Classification of Precipitation Types Based on Machine Learning Using Dual-Polarization Radar Measurements and Thermodynamic Fields

Remote Sens. 2022, 14(15), 3820; https://doi.org/10.3390/rs14153820
by Kyuhee Shin 1,2, Kwonil Kim 1,2,*, Joon Jin Song 3 and GyuWon Lee 1,2
Reviewer 2: Anonymous
Reviewer 3:
Remote Sens. 2022, 14(15), 3820; https://doi.org/10.3390/rs14153820
Submission received: 10 June 2022 / Revised: 19 July 2022 / Accepted: 27 July 2022 / Published: 8 August 2022

Round 1

Reviewer 1 Report

The paper compares three machine learning models (decision trees, random forest and support vector machine) for the classification of precipitation particles (rain, snow, mix phase) using dual-polarisation radar measurements (Zh, rhohv, ZDR and KDP) and meteorological data from numerical weather prediction models (Tw, Thick, Ts, gamma_low).  The paper is novel and well-written.  There are however a few comments (see below) that the authors need to consider before the paper is accepted for publication.

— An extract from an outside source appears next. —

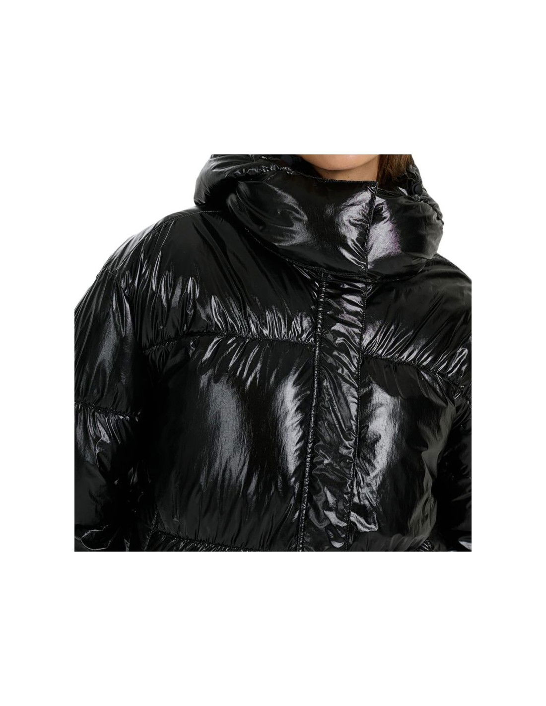 Women\’s down jacket 4F F0716 deep black 4FWAW25TDJAF0716 20S The 4F women\’s jacket will wrap you in warmth and provide comfort in autumn and winter. The outer layer is made of a durable material with a slightly rustling texture, which is characterized by increased abrasion resistance and good resistance to contact with moisture. Technical data: Main material: 100% polyamide Lining: 100% polyester Filling: 100% polyester · Hydrophobic outer coating – limits moisture absorption and protects against light rain · Synthetic down filling – retains warmth even in humid conditions Oversized, loose cut – ensures freedom of movement and a fashionable look Hip-length – comfortable for everyday use and winter walks Smooth polyester lining – makes it easier to put on and improves wearing comfort · Detachable, adjustable hood – you can adjust it to your needs and weather conditions High collar – additional neck protection against wind and cold Elastic cuffs – fit snugly around your wrists and retain warmth 2 side pockets – perfect for hands or essentials · Internal pocket without closure – additional space for a phone or documents · Zipper with wind flap – blocks the access of cold air to the inside of the jacket · Adjustment of the jacket bottom – a tunnel drawstring allows you to adjust the circumference to your figure

L38. “the thickness of the layer … “  which layer?

Introduction.  The authors mentioned several papers that used different approaches (fuzzy logic, Bayesian, etc) for the classification of precipitation particles using polarimetric radar measurements.  It would be worth to mention some of the early papers in this field related to the microphysics of precipitation types and classification  such as Vivekanandan et al (1999) and Straka et al, (2000).  Some of these methods for the classification of precipitation types were demonstrated using fuzzy logic classifiers (Liu et al, 2000; Rico-Ramirez et al, 2005).  The authors may also want to cite the paper on verification of precipitation types by Pickering et al (2021) who used disdrometer observations to validate radar-based surface precipitation types.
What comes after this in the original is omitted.